# [Exercise requirements]
Each line from the one holding "卡皮塔尼表示,蒂萨党的一个重" to the last line of the listing must be set down exactly. No pictures are to be included.

# [Raw data]
= = =

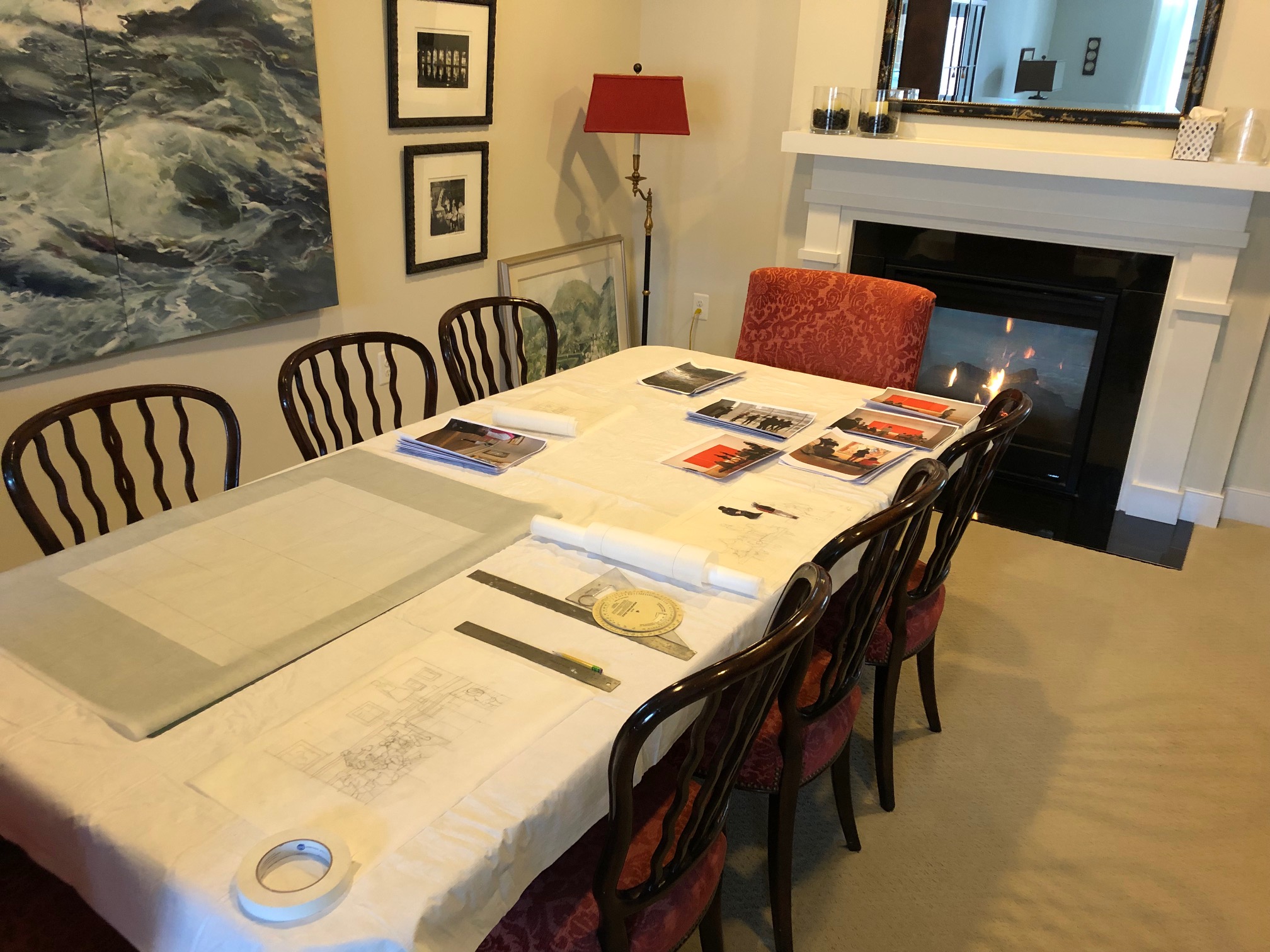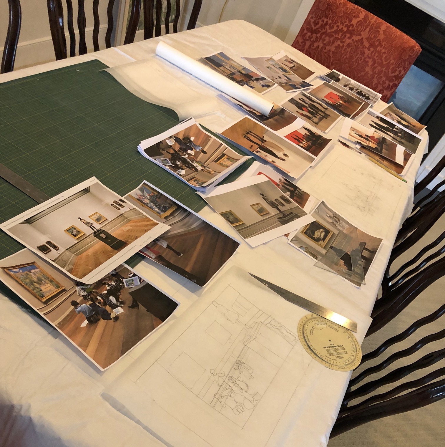 I started going through my photo files. I have lots of reference from years of museum visits, but choosing the perfect combination of gallery angles, art and figures took time and thought. The dining table in front of the fire became my workshop. It was January.
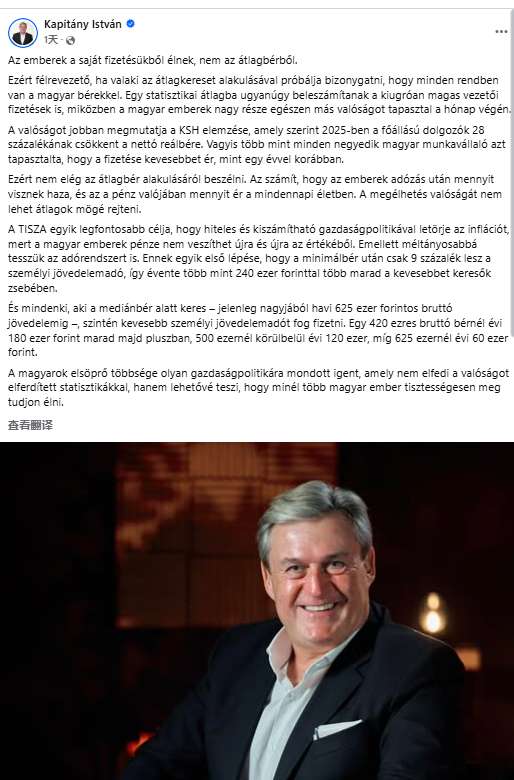 卡皮塔尼表示,蒂萨党的一个重要目标,是通过可信、可预期的经济政策抑制通胀,并使税制更加公平。他说,这项改革的首批措施之一,就是将最低工资适用的个人所得税税率定为9%,这样一来,低收入者每年可多存下超过24万福林。
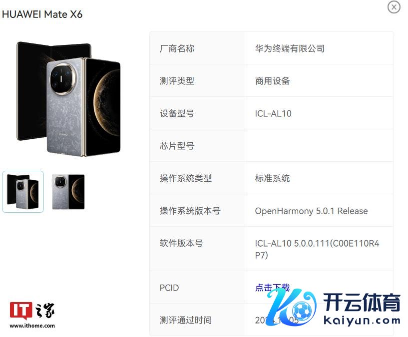 IT之家 12 月 8 日音问,在本年 11 月的 Mate 品牌盛典上,华为 Mate 70 系列旗舰手机考究发布,新机全系救济星闪时间,堪称“史上最强悍的 Mate”体育游戏app平台,订价 5499 元起。 IT之家注重到,华为 Mate X6 折叠屏手机初次通过了开源鸿蒙兼容性测评,相关信息走漏,其操作系统版块号为 OpenHarmony 5.0.1 Release,软件版块号为 ICL-AL10 5.0.0.111(C00E110R4P7)。 另外,华为 Mate 70、Mate 7

= = =

# [Answer to this exercise]
 卡皮塔尼表示,蒂萨党的一个重要目标,是通过可信、可预期的经济政策抑制通胀,并使税制更加公平。他说,这项改革的首批措施之一,就是将最低工资适用的个人所得税税率定为9%,这样一来,低收入者每年可多存下超过24万福林。
 IT之家 12 月 8 日音问,在本年 11 月的 Mate 品牌盛典上,华为 Mate 70 系列旗舰手机考究发布,新机全系救济星闪时间,堪称“史上最强悍的 Mate”体育游戏app平台,订价 5499 元起。 IT之家注重到,华为 Mate X6 折叠屏手机初次通过了开源鸿蒙兼容性测评,相关信息走漏,其操作系统版块号为 OpenHarmony 5.0.1 Release,软件版块号为 ICL-AL10 5.0.0.111(C00E110R4P7)。 另外,华为 Mate 70、Mate 7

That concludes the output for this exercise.